On 15 May 2023, HSBC Holdings plc (the "Company") granted conditional awards ("Awards") to directors, employees and former employees to subscribe for a total of 1,334,867 ordinary shares of US$0.50 each of the Company ("Shares") under the HSBC Share Plan 2011 (the "Plan").
The following are the details of the grants:
Grants to Directors:
Name of grantee |
Noel Quinn |
Relationship between the grantee and the Company |
Director of the Company |
Number of shares under Awards |
50,080 Individual tax liabilities in respect of the vesting of the Awards were satisfied in cash. The number of Shares is therefore net of tax. |
Closing market price of the ordinary shares on the London Stock Exchange on the date of grant |
GBP 6.11 |
Purchase price of Awards granted |
GBP 0 |
Vesting period of the Awards |
Fixed Pay Allowance awards are delivered in immediately vested shares subject to a retention period and released on a pro-rata basis over 5 years, starting from March 2024. |
Performance Targets and Clawback |
The Fixed Pay Allowance awards are not subject to performance conditions as they form part of the director's Fixed Pay. The Fixed Pay Allowance awards are not subject to clawback as they form part of the director's Fixed Pay. |
Arrangements for the Company or a subsidiary to provide financial assistance to the grantees |
None |
|
|
Name of grantee |
Georges Elhedery |
Relationship between the grantee and the Company |
Director of the Company |
Number of shares under Awards |
31,962 Individual tax liabilities in respect of the vesting of the Awards were satisfied in cash. The number of Shares is therefore net of tax. |
Closing market price of the ordinary shares on the London Stock Exchange on the date of grant |
GBP 6.11 |
Purchase price of Awards granted |
GBP 0 |
Vesting period of the Awards |
Fixed Pay Allowance awards are delivered in immediately vested shares subject to a retention period and released on a pro-rata basis over 5 years, starting from March 2024. |
Performance Targets and Clawback |
The Fixed Pay Allowance awards are not subject to performance conditions as they form part of the director's Fixed Pay. The Fixed Pay Allowance awards are not subject to clawback as they form part of the director's Fixed Pay. |
Arrangements for the Company or a subsidiary to provide financial assistance to the grantees |
None |
Grants to other grantees:
|
|
Category of grantee |
Employees and former employees |
Number of shares under Awards |
1,252,825 |
Closing market price of the ordinary shares on the London Stock Exchange on the date of grant |
GBP 6.11 |
Purchase price of Awards granted |
GBP 0 |
Vesting period of the Awards |
Under the HSBC Group-wide deferral policy, vesting occurs over a three year period with 33% vesting on the first and second anniversaries of grant and 34% on the third anniversary.
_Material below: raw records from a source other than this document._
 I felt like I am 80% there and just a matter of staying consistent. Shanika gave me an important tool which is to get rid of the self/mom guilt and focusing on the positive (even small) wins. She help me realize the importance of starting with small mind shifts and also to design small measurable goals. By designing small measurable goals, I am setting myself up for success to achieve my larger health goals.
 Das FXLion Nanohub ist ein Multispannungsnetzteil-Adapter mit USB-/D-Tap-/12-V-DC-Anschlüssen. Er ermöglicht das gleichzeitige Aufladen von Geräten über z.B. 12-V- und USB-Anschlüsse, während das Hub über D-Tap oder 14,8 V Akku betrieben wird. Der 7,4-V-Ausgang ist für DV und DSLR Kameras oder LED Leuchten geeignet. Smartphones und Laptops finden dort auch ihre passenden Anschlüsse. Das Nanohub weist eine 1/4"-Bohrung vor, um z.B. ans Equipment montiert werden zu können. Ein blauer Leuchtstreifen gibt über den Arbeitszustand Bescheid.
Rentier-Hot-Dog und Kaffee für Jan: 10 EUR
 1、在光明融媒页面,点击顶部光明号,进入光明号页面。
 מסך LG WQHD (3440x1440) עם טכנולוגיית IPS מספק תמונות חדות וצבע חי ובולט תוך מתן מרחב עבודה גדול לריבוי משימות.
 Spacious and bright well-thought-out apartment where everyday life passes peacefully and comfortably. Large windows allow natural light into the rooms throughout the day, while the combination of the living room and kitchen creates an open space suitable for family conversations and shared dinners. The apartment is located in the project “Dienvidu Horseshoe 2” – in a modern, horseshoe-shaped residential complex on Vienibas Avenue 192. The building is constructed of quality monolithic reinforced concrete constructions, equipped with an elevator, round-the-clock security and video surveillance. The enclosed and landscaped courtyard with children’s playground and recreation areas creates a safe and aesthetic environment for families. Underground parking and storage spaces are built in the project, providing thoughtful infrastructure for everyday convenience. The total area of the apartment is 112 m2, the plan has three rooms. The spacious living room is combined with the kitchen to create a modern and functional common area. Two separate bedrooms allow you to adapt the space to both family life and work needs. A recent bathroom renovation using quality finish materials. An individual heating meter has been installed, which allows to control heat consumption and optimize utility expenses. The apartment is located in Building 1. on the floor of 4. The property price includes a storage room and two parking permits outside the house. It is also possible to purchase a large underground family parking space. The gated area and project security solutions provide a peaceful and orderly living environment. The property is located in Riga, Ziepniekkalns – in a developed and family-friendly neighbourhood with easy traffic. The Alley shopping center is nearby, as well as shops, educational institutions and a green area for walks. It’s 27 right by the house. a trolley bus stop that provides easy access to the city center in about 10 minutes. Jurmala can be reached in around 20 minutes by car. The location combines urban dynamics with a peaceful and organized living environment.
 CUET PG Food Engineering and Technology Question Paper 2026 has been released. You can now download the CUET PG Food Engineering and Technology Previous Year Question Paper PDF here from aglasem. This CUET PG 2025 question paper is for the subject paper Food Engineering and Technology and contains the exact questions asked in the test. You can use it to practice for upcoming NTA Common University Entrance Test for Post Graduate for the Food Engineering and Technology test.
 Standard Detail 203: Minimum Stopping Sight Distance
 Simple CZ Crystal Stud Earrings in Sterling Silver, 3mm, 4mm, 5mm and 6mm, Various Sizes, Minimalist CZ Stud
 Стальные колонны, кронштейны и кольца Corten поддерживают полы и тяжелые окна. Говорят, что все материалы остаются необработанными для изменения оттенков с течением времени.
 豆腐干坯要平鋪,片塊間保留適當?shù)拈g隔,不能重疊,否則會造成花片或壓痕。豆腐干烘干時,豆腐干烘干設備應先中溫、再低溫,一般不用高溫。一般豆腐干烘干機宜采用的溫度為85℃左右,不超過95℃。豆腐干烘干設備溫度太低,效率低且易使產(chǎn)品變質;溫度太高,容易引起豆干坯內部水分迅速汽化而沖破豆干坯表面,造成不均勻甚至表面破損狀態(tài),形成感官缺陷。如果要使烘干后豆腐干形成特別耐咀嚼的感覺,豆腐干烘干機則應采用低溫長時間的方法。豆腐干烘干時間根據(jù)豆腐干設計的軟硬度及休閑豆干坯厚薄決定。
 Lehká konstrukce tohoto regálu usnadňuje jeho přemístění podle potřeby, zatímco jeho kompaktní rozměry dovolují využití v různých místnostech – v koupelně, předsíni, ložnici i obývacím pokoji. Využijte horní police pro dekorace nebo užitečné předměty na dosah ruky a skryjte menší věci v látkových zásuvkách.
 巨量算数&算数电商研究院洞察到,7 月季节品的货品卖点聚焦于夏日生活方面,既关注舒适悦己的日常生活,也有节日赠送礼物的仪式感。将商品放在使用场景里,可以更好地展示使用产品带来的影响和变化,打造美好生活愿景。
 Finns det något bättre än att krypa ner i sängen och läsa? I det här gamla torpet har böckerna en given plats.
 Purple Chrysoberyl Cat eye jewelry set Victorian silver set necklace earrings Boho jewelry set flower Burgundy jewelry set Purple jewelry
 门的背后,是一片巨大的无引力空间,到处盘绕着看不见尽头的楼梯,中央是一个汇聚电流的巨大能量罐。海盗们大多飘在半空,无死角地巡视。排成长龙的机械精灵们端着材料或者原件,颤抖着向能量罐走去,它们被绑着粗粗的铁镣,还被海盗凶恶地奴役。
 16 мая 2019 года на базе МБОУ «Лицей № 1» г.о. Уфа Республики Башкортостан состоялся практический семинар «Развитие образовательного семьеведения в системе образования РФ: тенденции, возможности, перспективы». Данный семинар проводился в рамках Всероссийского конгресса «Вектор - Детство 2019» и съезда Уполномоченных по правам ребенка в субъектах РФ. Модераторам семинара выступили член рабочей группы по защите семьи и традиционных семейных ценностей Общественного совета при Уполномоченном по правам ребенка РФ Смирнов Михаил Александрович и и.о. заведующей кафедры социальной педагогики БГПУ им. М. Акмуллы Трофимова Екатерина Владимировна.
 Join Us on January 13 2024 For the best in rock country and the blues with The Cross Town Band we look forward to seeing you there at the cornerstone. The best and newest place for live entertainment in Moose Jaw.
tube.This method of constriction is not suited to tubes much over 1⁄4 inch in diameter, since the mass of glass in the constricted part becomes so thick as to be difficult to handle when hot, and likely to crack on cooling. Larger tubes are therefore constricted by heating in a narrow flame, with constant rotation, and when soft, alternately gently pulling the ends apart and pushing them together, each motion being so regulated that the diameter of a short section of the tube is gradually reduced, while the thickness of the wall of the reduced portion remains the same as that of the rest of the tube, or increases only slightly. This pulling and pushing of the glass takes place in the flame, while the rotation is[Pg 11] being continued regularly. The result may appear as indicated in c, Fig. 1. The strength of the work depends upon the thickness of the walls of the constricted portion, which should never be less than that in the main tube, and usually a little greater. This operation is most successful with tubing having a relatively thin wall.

Group and local Material Risk Takers may be subject to longer vesting periods of up to seven years, as required under the relevant remuneration regulations. Awards may be subject to a six- or 12-month retention period following vesting. Immediately vested share awards may be subject to a six- or 12-month retention period following vesting. The vesting period for retention awards will align to the completion of the relevant project for which the Award was granted. Fixed Pay Allowance awards are delivered in immediately vested shares subject to a retention period and released on a pro-rata basis over 5 years, starting from March 2024. The vesting period for buy-out awards for new hires generally mirror those of the forfeited awards from the previous employer. Where the forfeited award was subject to a post vesting retention period, a retention period will be applied to the buy-out award. |
Performance Targets and Clawback |
Retention awards are subject to the completion of a strategically important project. The Fixed Pay Allowance awards are not subject to performance conditions as they form part of Fixed Pay. No performance targets apply to any other Plan Awards on the basis that the Awards are a form of deferred bonus to meet regulatory requirements in the UK. Performance targets instead attach to the initial award of the Variable Pay. Buy-out awards are subject to clawback where the forfeited award of the relevant employee's former employer was subject to clawback. Where the employee's forfeited award was not subject to clawback, no clawback terms are applied to the replacement HSBC award. The Fixed Pay Allowance awards are not subject to clawback as they form part of Fixed Pay. Clawback applies to all other Plan Awards in line with the Company's regulatory obligations as set out in the Company's internal clawback policy. |
Arrangements for the Company or a subsidiary to provide financial assistance to the grantees |
None |
Number of shares available for future grant under the plan mandate |
The Plan is subject to two limits on the number of Shares committed to be issued under all Plan Awards: 1. 10% of the ordinary share capital of the Company in issue immediately before that day, when added to the number of Shares which have been issued, or committed to be issued, to satisfy Awards under the Plan, or options or awards under any other employee share plan operated by the Company granted in the previous 10 years. The number of Shares available to issue under this limit is 1,048,818,296. 2. 5% of the ordinary share capital of the Company in issue immediately before that day, when added to the number of Shares which have been issued, or committed to be issued, to satisfy Awards under the Plan. The number of Shares available to issue under this limit is 279,109,395.
|
For and on behalf of
Aileen Taylor
Group Company Secretary and Chief Governance Officer
The Board of Directors of HSBC Holdings plc as at the date of this announcement comprises: Mark Tucker*, Noel Quinn, Geraldine Buckingham†, Rachel Duan†, Georges Elhedery, Carolyn Julie Fairbairn†, James Anthony Forese†, Steven Guggenheimer†, José Antonio Meade Kuribreña†, Kalpana Morparia†, Eileen K Murray† and David Nish†.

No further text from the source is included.